Does it sinking on the water??


----------



## phinds (Jul 22, 2016)

DKMD said:


> Here's a question for you, Paul... Does pore density give a clue about wood ID? In other words, does the number of pores per square centimeter remain consistent for samples of a given species? I realize pore shape, distribution, and patterns are useful, but I wonder about the density...


David, yes pore density does matter and can be very indicative of is/is not a species. It does not remain terribly consistent within a species (or even a single plank) but it doesn't range too far from the average. It was in fact one of the considerations that caused me to rule out Brazilian ebony. #181 has a noticeably lower pore density than Brazilian ebony

Reactions: Thank You! 1


----------



## phinds (Jul 22, 2016)

indonesianwood said:


> 176 look like tamarind heartwood..
> Does it sinking on the water??


Thanks for the suggestion.

As specifically stated in the text, it has a density about 67 lbs/cuft so yes it would sink in water, but while you are spot on that the face grain looks like tamarind, the end grain immediately rules that out. #176 has heavy (although faint) confluent parenchyma and although tamarind has noticeable vasicentric parenchyma, the circles don't merge into confluent bands.


----------



## Nature Man (Jul 22, 2016)

177 resembles Mahogany.
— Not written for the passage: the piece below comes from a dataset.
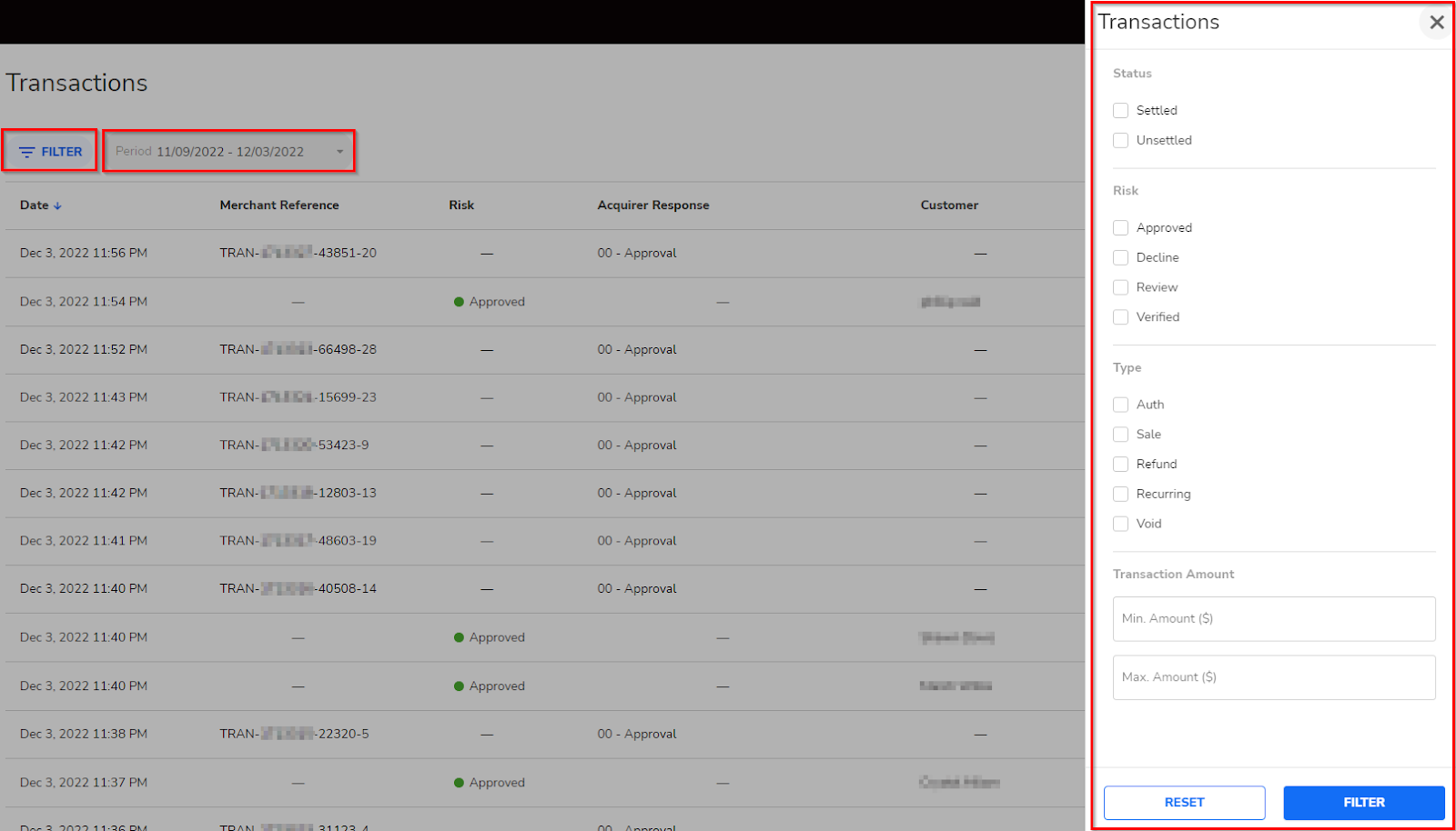 Description: The Transactions landing page displays near-real-time transaction data, including current (unsettled) and historic (settled) transactions.

Chuck


----------



## phinds (Jul 22, 2016)

Nature Man said:


> 177 resembles Mahogany. Chuck


Only superficially, Chuck. End grain rules that out immediately, but thanks for looking.

Reactions: Thank You! 1


----------



## barry richardson (Jul 23, 2016)

168 looks like Apitong. Not one of your latest additions, but I strayed......


----------



## barry richardson (Jul 23, 2016)

176. I'm sure you know this but Iroko is often referred to as African Teak. Doesn't look like what I have though...


----------



## phinds (Jul 23, 2016)

barry richardson said:


> 176. I'm sure you know this but Iroko is often referred to as African Teak. Doesn't look like what I have though...
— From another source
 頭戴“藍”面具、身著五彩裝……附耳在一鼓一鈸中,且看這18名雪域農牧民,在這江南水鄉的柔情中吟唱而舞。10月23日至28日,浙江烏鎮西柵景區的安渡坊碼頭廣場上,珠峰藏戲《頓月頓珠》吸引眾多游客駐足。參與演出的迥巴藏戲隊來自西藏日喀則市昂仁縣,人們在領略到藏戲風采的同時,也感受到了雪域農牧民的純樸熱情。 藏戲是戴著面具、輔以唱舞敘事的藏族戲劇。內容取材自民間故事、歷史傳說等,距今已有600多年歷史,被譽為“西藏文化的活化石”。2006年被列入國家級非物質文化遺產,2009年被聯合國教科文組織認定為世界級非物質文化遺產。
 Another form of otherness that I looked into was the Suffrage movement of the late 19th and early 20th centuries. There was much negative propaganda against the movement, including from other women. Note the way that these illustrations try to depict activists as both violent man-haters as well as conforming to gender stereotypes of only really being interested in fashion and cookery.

That's a good catch on the name, but yeah I do know that and the end grain ruled out iroko immediately for both of the mystery woods labled "African teak"


----------



## phinds (Jul 23, 2016)

barry richardson said:


> 168 looks like Apitong. Not one of your latest additions, but I strayed......
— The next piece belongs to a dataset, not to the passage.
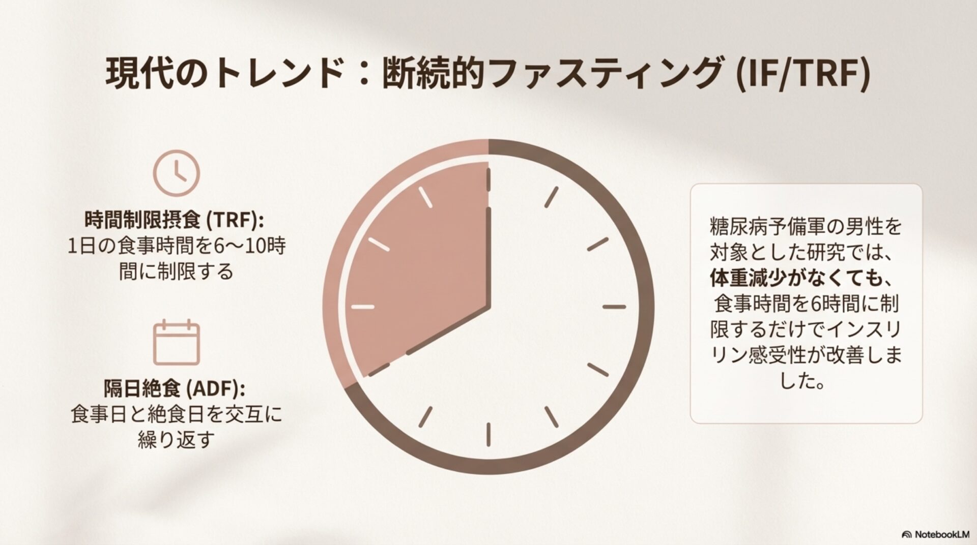 これは、食事をしない「断食時間」を設けること自体が、カロリー摂取量を減らすこととは独立して、代謝の健康に良い影響を与えることを示唆しています。つまり、「何を食べるか」だけでなく、「いつ食べるか」が私たちの健康にとって重要な要素なのです。

That's an excellent catch Barry. I think you may be right, but, here's what I've added to the page:

Barry Richardson of the Wood Barter forum suggested that this might be apitong and I think that's a VERY good likelihood. The only possible flaw that I see is that the pores in this wood seem to be clearly smaller (but with about the same density) as in all of my samples of apitong and not surprisingly the corresponding way that the pores show up on a flat cut surface exhibits a difference based on that same fact. Still, apitong is closer than anything else I've found so far.

AMMENDED AS FOLLOWS:

[LATER] After some more research, I find that previously unknown to me, Milicia regia is also sometimes called iroko. I had only Milicia excelsa as iroko but have changed that on the iroko page. The single example of Milicia excelsa end grain that I have been able to find on the internet does seem to have larger pores than my Milicia excelsa samples on which I had based the statement directly above, so this mystery wood might well be Milicia regia.

Thanks Barry

Reactions: Like 1


----------